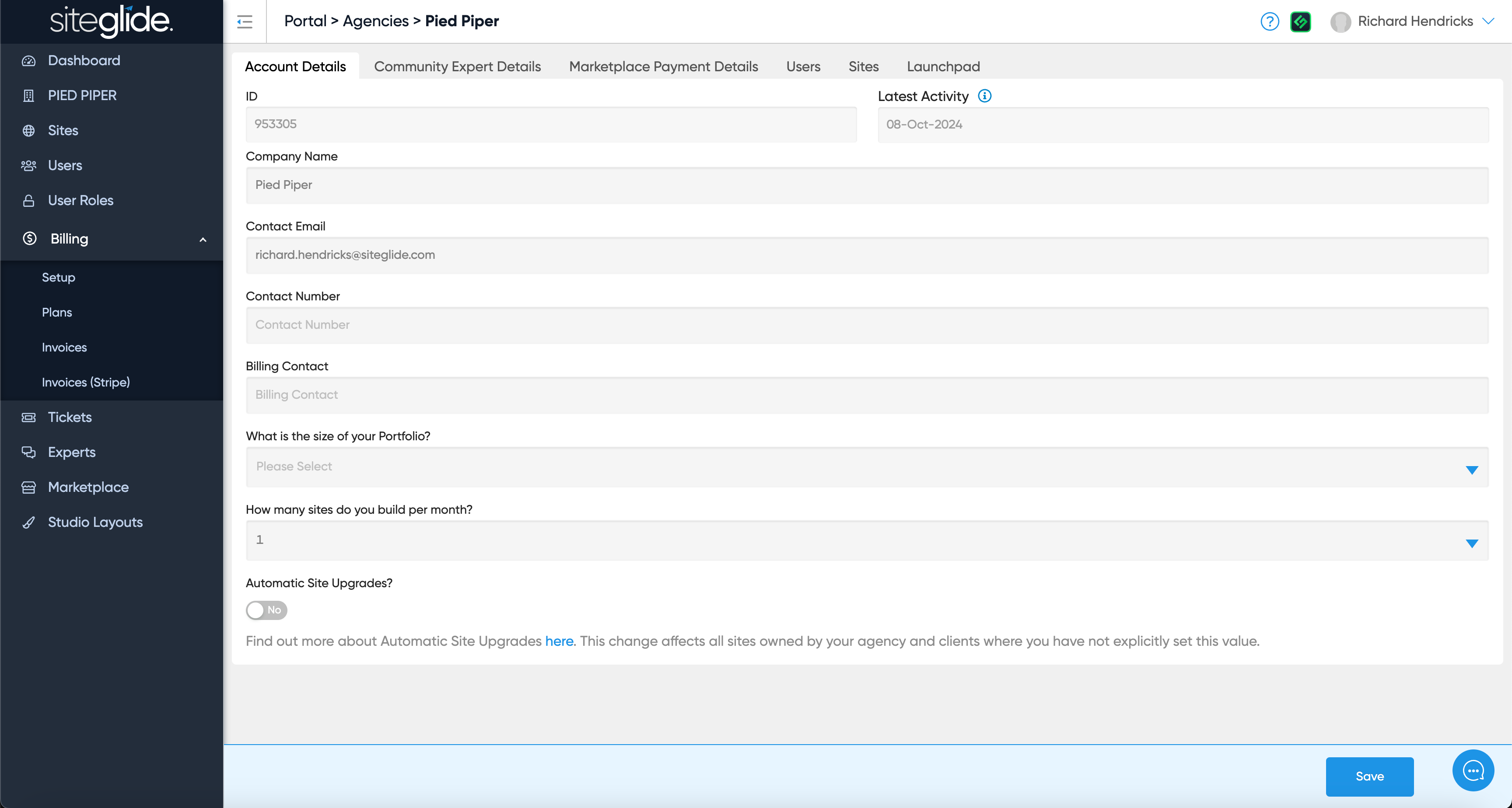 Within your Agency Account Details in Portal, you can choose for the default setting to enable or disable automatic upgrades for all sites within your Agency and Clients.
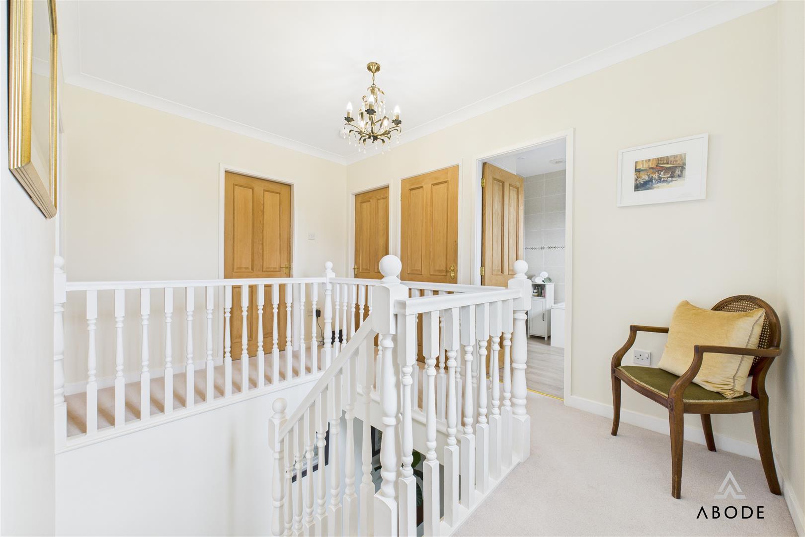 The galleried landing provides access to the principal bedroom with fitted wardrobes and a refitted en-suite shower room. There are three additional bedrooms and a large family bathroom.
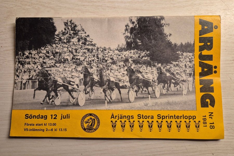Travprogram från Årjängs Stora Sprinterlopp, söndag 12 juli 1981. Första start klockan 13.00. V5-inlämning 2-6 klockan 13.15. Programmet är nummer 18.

» **Exercise objective**: Without the pictures, output the full listing exactly as it stands.

» **Solution to the problem**:
 Within your Agency Account Details in Portal, you can choose for the default setting to enable or disable automatic upgrades for all sites within your Agency and Clients.
 The galleried landing provides access to the principal bedroom with fitted wardrobes and a refitted en-suite shower room. There are three additional bedrooms and a large family bathroom.
Travprogram från Årjängs Stora Sprinterlopp, söndag 12 juli 1981. Första start klockan 13.00. V5-inlämning 2-6 klockan 13.15. Programmet är nummer 18.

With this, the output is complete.